France has rejected the citizenship application of a 32-year-old Moroccan woman, Faizi Silmi, who shows only her eyes in public. According to the Council of State, the country’s highest appellate body, her “radical” practice of Islam conflicts with equality of the sexes and other French values. The ruling upheld a 2005 judgment that the woman exhibits “insufficient assimilation":
The legal expert who reported to the Council of State said the woman’s interviews with social services revealed that “she lives almost as a recluse, isolated from French society.”
The report said: “She has no idea about the secular state or the right to vote. She lives in total submission to her male relatives. She seems to find this normal and the idea of challenging it has never crossed her mind.”
Past applicants have been denied citizenship due to links with extremist groups or a history of preaching radicalism.
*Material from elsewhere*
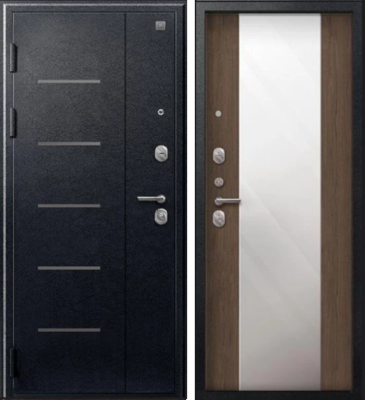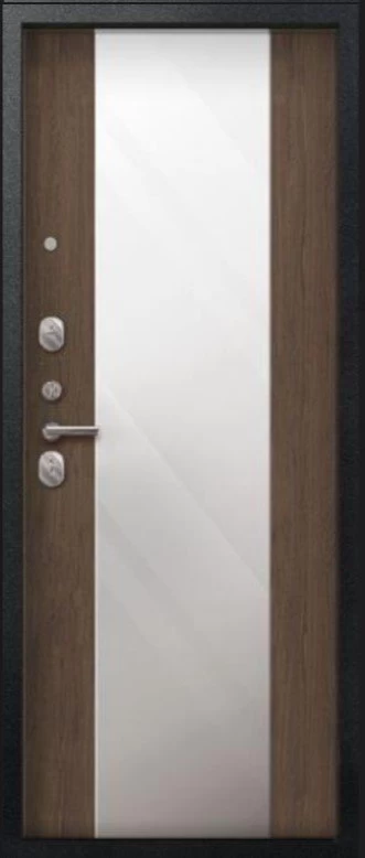 Надежная входная Дверь V-04 Черный муар - Миндаль Зеркало премиум класса по цене 42 299 руб. Большая толщина стали защитит от проникновения в ваш дом, квартиру или коттедж. Используется очень качественная фурнитура: замки, цилиндры, ручки, защелки. Покрытие и отделка двери изготовлено под внимательным контролем производителя. Дверь имеет долгий срок службы и гарантию.

However, the New York Times notes that this “was the first time that a French court had judged someone’s capacity to be assimilated into France based on private religious practice, taking laïcité — the country’s strict concept of secularism — from the public sphere into the home.” One problem with that analysis: garments that reveal no more than the eyes are used primarily in public rather than one’s house. Thus, they qualify as a matter of community concern, since facial concealment presents a security risk and promotes segregation.
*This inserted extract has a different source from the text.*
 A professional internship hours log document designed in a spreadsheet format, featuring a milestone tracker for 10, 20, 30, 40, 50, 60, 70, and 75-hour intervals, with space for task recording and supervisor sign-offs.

Four years ago, France prohibited from state schools “conspicuous” religious symbols, including Muslim headscarves, Jewish skullcaps, Christian crucifixes, and Sikh turbans. Many contend that this law goes too far in restricting individual freedom. Yet it does reflect the emphasis that the staunchly secular French republic places on the separation between faith and public life — the same values that were central to the Council of State’s ruling.
Silmi’s ignorance about the right to vote is also a valid reason to deny her citizenship. In the United States, for example, applicants must demonstrate basic knowledge of American civics and history by passing a short exam. Such understanding is essential for the proper functioning of countries like the U.S. and France, which are organized on the basis of ideas.
While the woman can remain in France, her husband contemplates moving the family to Morocco or Saudi Arabia. At least we can be certain that Faizi Silmi now grasps one essential freedom of Western nations: the freedom to leave.